Shuguang Wei: On the opening day of the conference, former AIR Executive Director Dr. Randy Swing provided the keynote speech and introduced the Statement in great detail as the new vision for IR. Conference participants were very interested in the Statement and believe that it represents the direction for IR development in the future. Many Chinese AIR members believe that IR professionals should not only provide support in decision making for senior leaders, but also provide support to deans, department chairs, staff, and students. In 2013, the theme of the Chinese AIR conference was “IR and Student-Centered Undergraduate Education Reform,” and it was determined that IR should support this effort. Therefore, at this year’s conference, the Statement was considered the direction for Chinese IR development as well. Conference participants were also interested in the concept of the Chief IR Officer. In fact, many Chinese higher educational institutions already have this role on campus, which is responsible for planning, assessment, reporting functions, and supporting decision making. 
Shuguang Wei

eAIR: What are some challenges being experienced by our Chinese IR colleagues? Are they similar to those being experienced by IR practitioners in the U.S.? 

Faxian Yang: Since Chinese IR professionals take a very different approach than those in the U.S., they face different challenges than ours. For example, IR in China is a branch of higher education study. What they study is the history, trends, and development of education in China and other countries, especially the U.S. They have paid little attention to providing analyses and other information to senior leadership in their own universities. This is a fundamental difference between IR in America and in China. 

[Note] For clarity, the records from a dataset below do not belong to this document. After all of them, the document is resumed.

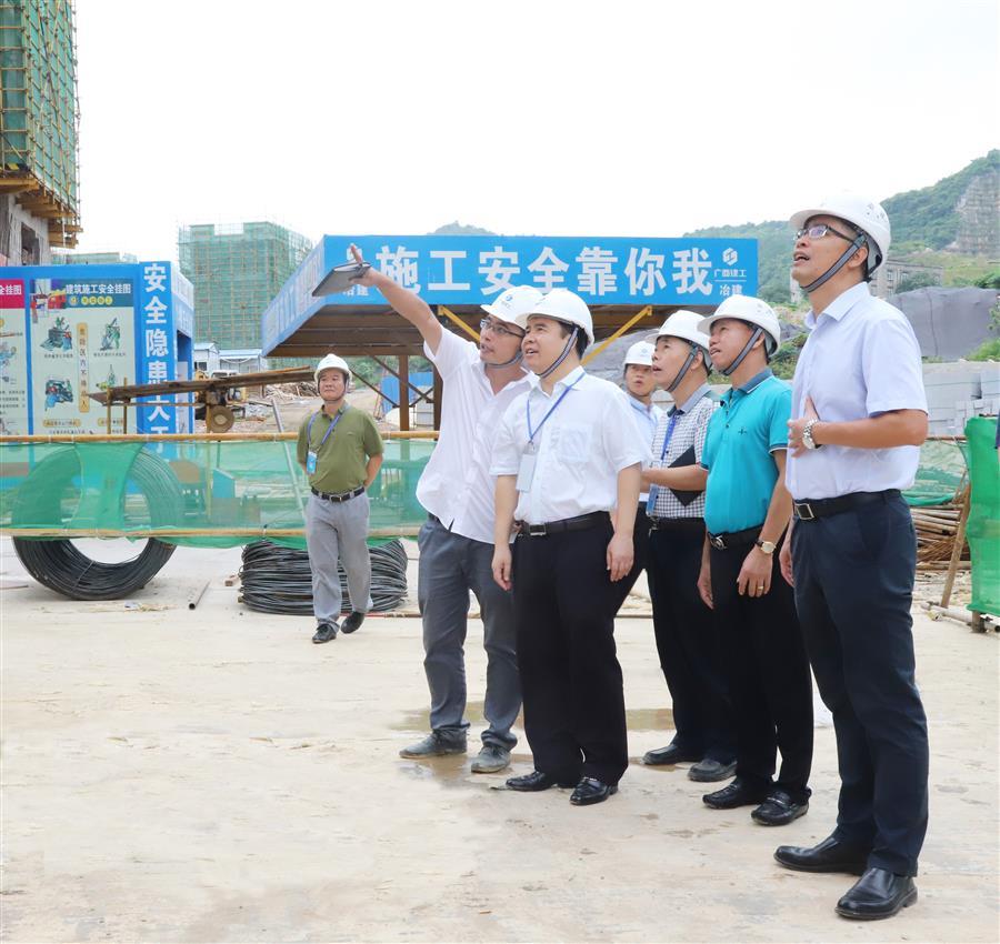 7月6日,廣西建工集團(tuán)有限責(zé)任公司副總經(jīng)理陳禮松率檢查組到廣西建工集團(tuán)冶金建設(shè)有限公司承建的麗景嘉苑1#~9#樓及地下室、社區(qū)衛(wèi)生服務(wù)中心項(xiàng)目開展2018年上半年安全生產(chǎn)大檢查,冶建公司黨委書記、董事長歐志永陪同檢查。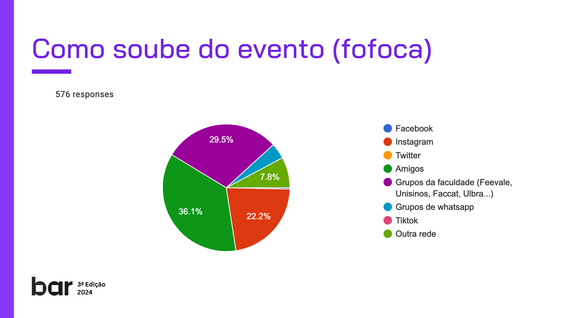 A Edição 2024, realizada nos dias 27 e 28 de setembro na Universidade Feevale, reuniu 524 participantes, vindos de mais de 30 cidades, com apoio de 30 voluntários, 18 palestrantes e 10 patrocinadores.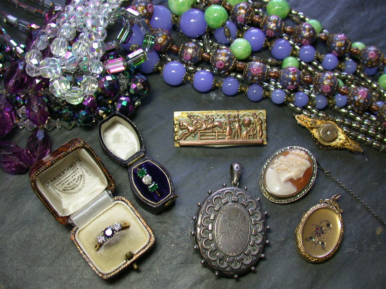 to include an 18ct gold mounted sapphire and diamond three stone ring, a three stone ring with central old cut diamond flanked to either side by a green composite stone, a 15ct gold diamond set bar brooch, two lockets, a cameo brooch, another brooch and several bead necklaces (qty)

Ruan Hoe: Chinese colleagues have very similar challenges in terms of perceptions and IR roles in campus communities. However, IR as a decision-making tool is still very much a concept in China. Chinese IR professionals are still very much lined up with the discipline of education administration in an academic setting, such as a college of education. As a profession, IR still has a long way to go in China.

Yuerong Sweetland: A question that surfaced during the Q&A session after my plenary presentation was how can assessment and IR professionals be empowered to play important roles in using data to inform decision making? I had an interesting discussion with a Chinese colleague who faced the same kind of challenge. Even though we did not reach any specific conclusions, we agreed that it needs to be addressed through a “community of practice” approach. First and foremost, as IR (and assessment) professionals, we must be powerful storytellers who can help translate data into action plans. Secondly, it takes long-term commitment to generate and sustain culture changes. This requires the effort of an entire institution or a professional association such as AIR and Chinese AIR. Reflecting on what I learned from the conference, I wonder if perhaps a cross-cultural study would be helpful to explore how common challenges can be tackled similarly, as well as differently, across cultures.  

Yan Wang: A common theme is that IR has become more and more important to higher education institutions because of the increasing demand of accountability from society, the community, and students. However, it is a long and slow process to build the infrastructure and capacity. Some Chinese higher education institutions are trying to transform their higher education research institutions to be IR offices, and some are trying to increase the IR capacity of their staff in existing functional areas, such as office of the registrar, planning, etc. Still others are proposing to build centralized IR offices.  

The Statement of Aspirational Practice for Institutional Research provides valuable insight into the development of IR as a profession and may help Chinese IR practitioners understand the importance of “building and supporting an institutional research function” that “connotes the institution-wide use of data and analytics, and not just the products of an office of institutional research. It is my hope that the Statement helps Chinese IR professionals focus on building IR functions rather than just IR offices.